# Meet Dylan



## eternalstudent (Jul 22, 2010)

Well at long last we got to collect our new little fur kid )

Here are a few shots of him on his homecoming. 





































Obviously we had to feed the little guy so for his first meal we gave him a chicken leg. It took our older pup 1 hr to work out what to do the first time she had one (11 w/o) it took this little guy just 20 minutes to demolish the leg and most of the bone. Very impressed with her




























More pictures to follow as and when the weather improves so we can get some good outside shots.


----------



## xellil (Apr 4, 2011)

Awww. He's adorable. And a good eater, too!


----------



## CavePaws (Jan 25, 2011)

Omg. I'm so jealous. I've been having puppy fever for a rottweiler puppy or a malamute...Both preferably. Not at the same time though, can't handle that. More pictures are a must.


----------



## luvMyBRT (Mar 8, 2010)

Just adorable! Congrats on the new addition! I agree...we need more pics!


----------



## NewYorkDogue (Sep 27, 2011)

Awww..! Such a sweet little bear cub of a puppy dog you have there 

Also, I couldn't help notice how SHINY your female's coat is- very nice. 

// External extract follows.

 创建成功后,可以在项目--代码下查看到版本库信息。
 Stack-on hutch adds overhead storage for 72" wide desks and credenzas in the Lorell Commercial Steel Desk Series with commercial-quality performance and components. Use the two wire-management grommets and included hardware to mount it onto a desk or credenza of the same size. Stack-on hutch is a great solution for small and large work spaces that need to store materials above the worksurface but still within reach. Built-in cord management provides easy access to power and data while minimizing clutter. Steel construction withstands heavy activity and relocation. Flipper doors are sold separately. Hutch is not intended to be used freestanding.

How are the two taking to each other?


----------



## ciaBrysh (Dec 16, 2011)

Oh no not the puppy fever again!!! He's so adorable!


----------



## DaneMama (Jun 27, 2008)

So cute!!! Congratulations on the new addition!!! Love the name too....


----------



## Khan (Jan 17, 2010)

So dang cute!! They do look like little bear cubs!


----------



## AngelBullys (Jan 1, 2012)

Way to cute, Im jealous. I always wanted a rotty , but everyone I have lived with has been so against it lol, mom when i lived at home and now the boyfriend  . One day hopefully, they are gorgeous.


----------



## stajbs (Jun 5, 2010)

D'awwwww, so darned cute!! Congrats on the new furbaby!! Enjoy!!


----------



## magicre (Apr 7, 2010)

oh my. beautiful...adorable.....precious...


----------



## lucky (Jan 8, 2011)

he is beautiful


----------



## eternalstudent (Jul 22, 2010)

Thanks for all the comments. He is simply an adorable ball of fluff at the moment, and spends his time bumbling around . He has got the hang of the bones in the chicken so is on track to be a great little chewer.

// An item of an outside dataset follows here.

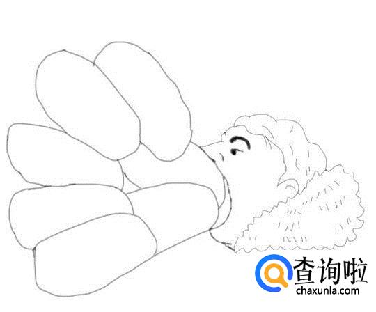 首先画出主角的衣服领子,然后在上面画出细节线,如图所示:

As for my older pup getting on with him: she is a little bit stand-off ish. I think she simply does not quite understand what is going on as they don't seem to be speaking the same language. I think as he gets older they will work each other out.

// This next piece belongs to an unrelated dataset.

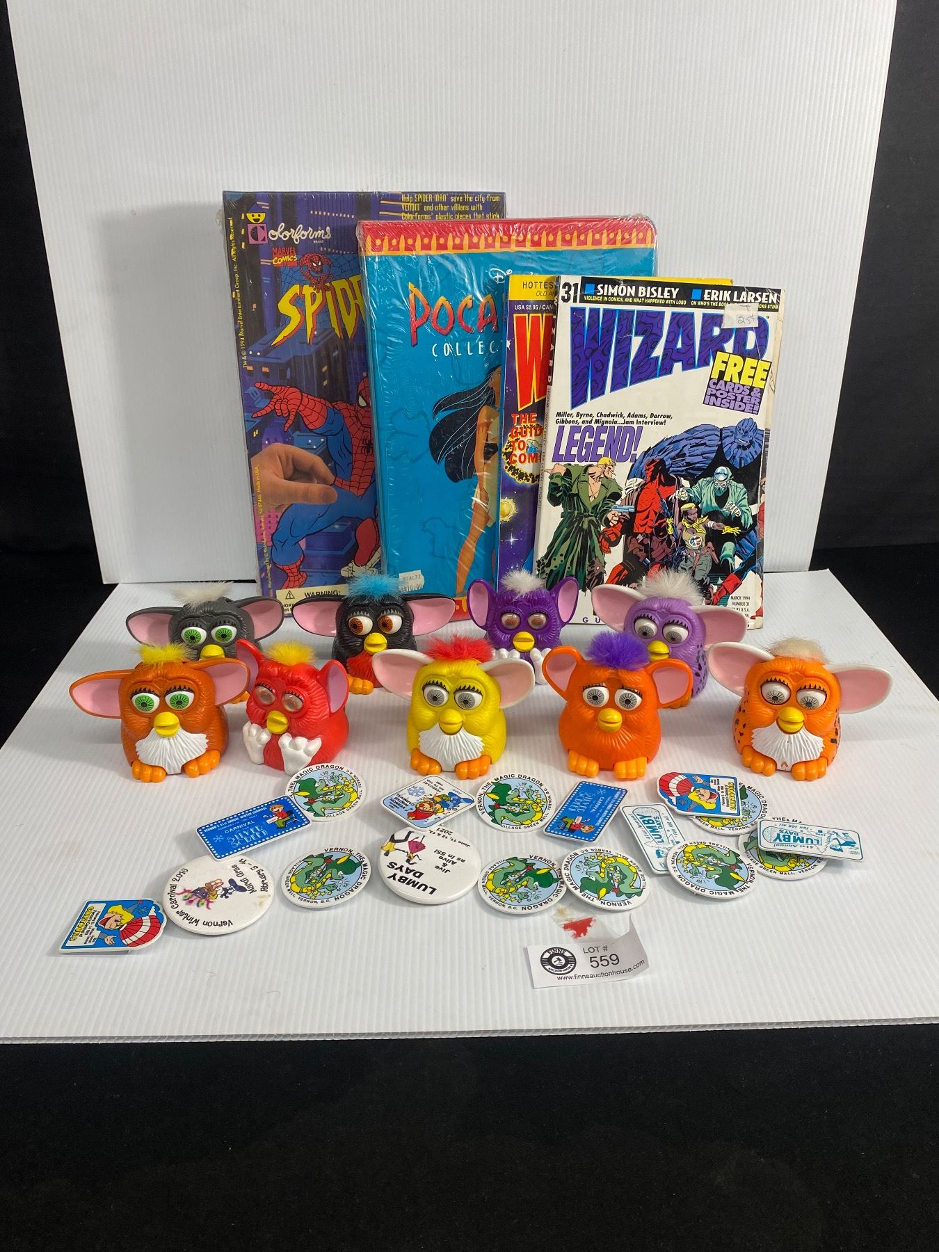 Collection Of McDonald's Furby Toys, 2 Wizard Magazines, Sealed Spiderman Adventure Set, etc

We are off tomorrow to watch the traffic and see some of the other sites so will try and get a couple of good pics


----------



## Janet At Nutro (Mar 11, 2011)

Congratulations on your new fur kid Dylan!
He is adorable!


----------



## HappyPuppy (Sep 26, 2011)

WTF!?! this was supposed to be the 'best friend' thread.... movin' on...........


----------



## AveryandAudrey (Sep 20, 2010)

SOOOOOOOOOOOO Cute  Congrats


----------



## wolfsnaps88 (Jan 2, 2012)

What a cutie patootie. Rottie pups are so adorable. I love their blocky heads. I almost got one. It was between a rottweiler and a mastiff. Maybe I will get a rottie in the future. More pics! Glad raw is working so well.


----------